In its decision, the court noted that cases which have allowed warrantless searches of electronic devices incident to arrest established a dangerous new rule, namely, that any citizen committing even the most minor arrestable offense is at risk of having his or her most intimate information viewed by an arresting officer. The court recounted the case of some cops who, in a warrantless search of a drunk driving suspect’s cell phone, found and shared some naked photos of the suspect’s girlfriend. See Newhard v. Borders, 649 F.Supp.2d 440 (W.D. Va 2009).

The court disagreed with the rationale of previous cases that held electronic devices such as phones and cameras were like “closed containers” and were thereby subject to warrantless searches. It found that warrantless searches of electronic devices are not reasonable when they are incident to a valid arrest absent a showing that the search is necessary to:

  • prevent the destruction of evidence
  • ensure officer safety, or
  • address other exigent circumstances

The court further found that all electronic devices should be subject to this broad protection — police should not have to distinguish between laptops, traditional cell phones, smart phones and cameras before deciding whether to proceed with a search of the device incident to arrest.

In sum, the court found that because plaintiff had a high expectation of privacy in his camera’s contents, defendant should not have reviewed its contents in a search incident to the arrest. He should have gotten a warrant instead.

So what do you think? Did the court get this one right?

4 Comments

  1. Mike
    January 22, 2012

    Sounds like the right decision to me!

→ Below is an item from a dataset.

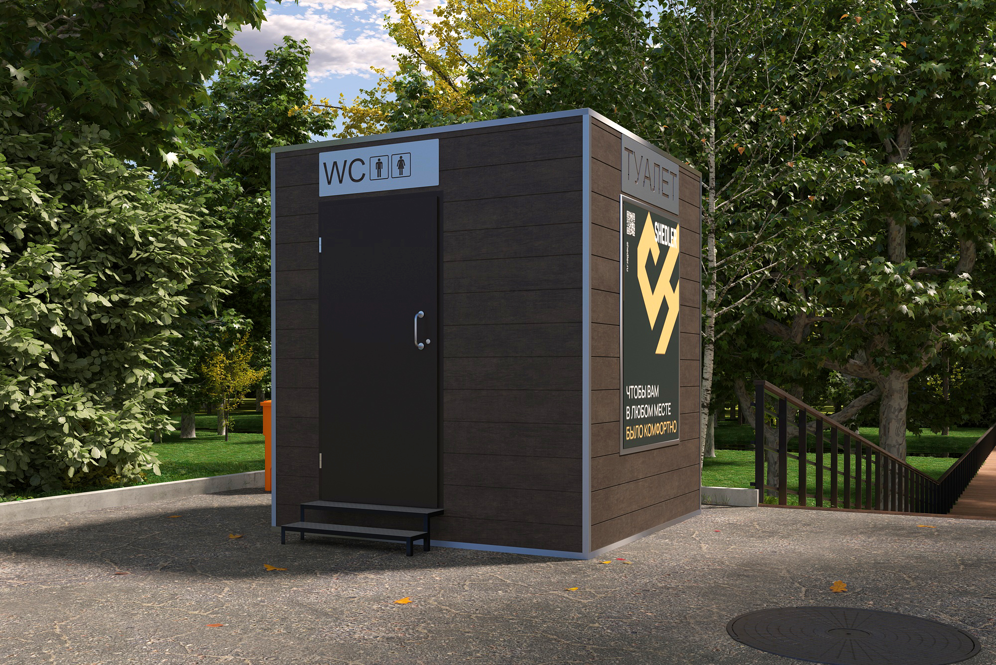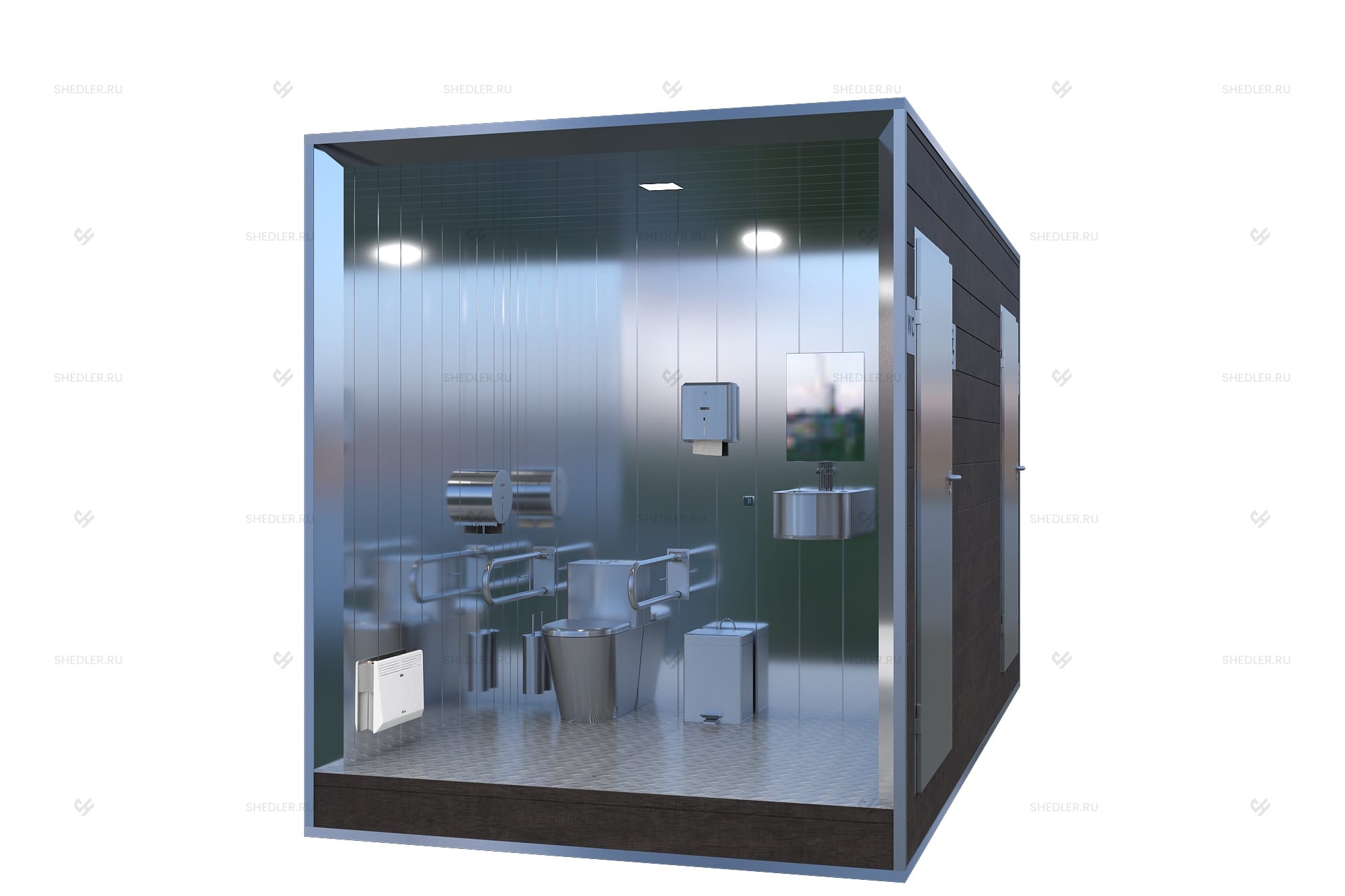 Модульные туалеты SHEDLER ломают устоявшиеся стереотипы об общественных санузлах: посещать их так же приятно, как собственный туалет. Этому ощущению способствует качественная отделка интерьера. На полу из ориентированно-стружечной плиты уложен линолеум, стены облицованы ПВХ-панелями, а потолок – пластиковой вагонкой. Способ отделки интерьера объясняется влагостойкостью материалов, грязеотталкивающими свойствами.

    Thanks for the article.

  2. dbltapp
    January 23, 2012

    So what did the plaintiff get as a result? If the offenders aren’t sufficiently punished, where’s the motivation to not continue to violate the plaintiff’s civil rights?

  3. wms
    January 25, 2012

    Considering the Appellate (US First district) decision GLIK v. CUNNIFFE It is surprising that this cop hasn’t gotten the message that photography is legal. further harassing photographers for taking photographs is not.

    1. Evan Brown
      January 31, 2012

      WMS – the incident in this case happened in 2007, and the Glik decision was from 2011. But I have read that the police department in this case has modified its procedures concerning the filming of police officers in response to changes in the law — I’m sure the Glik decision played a role in that.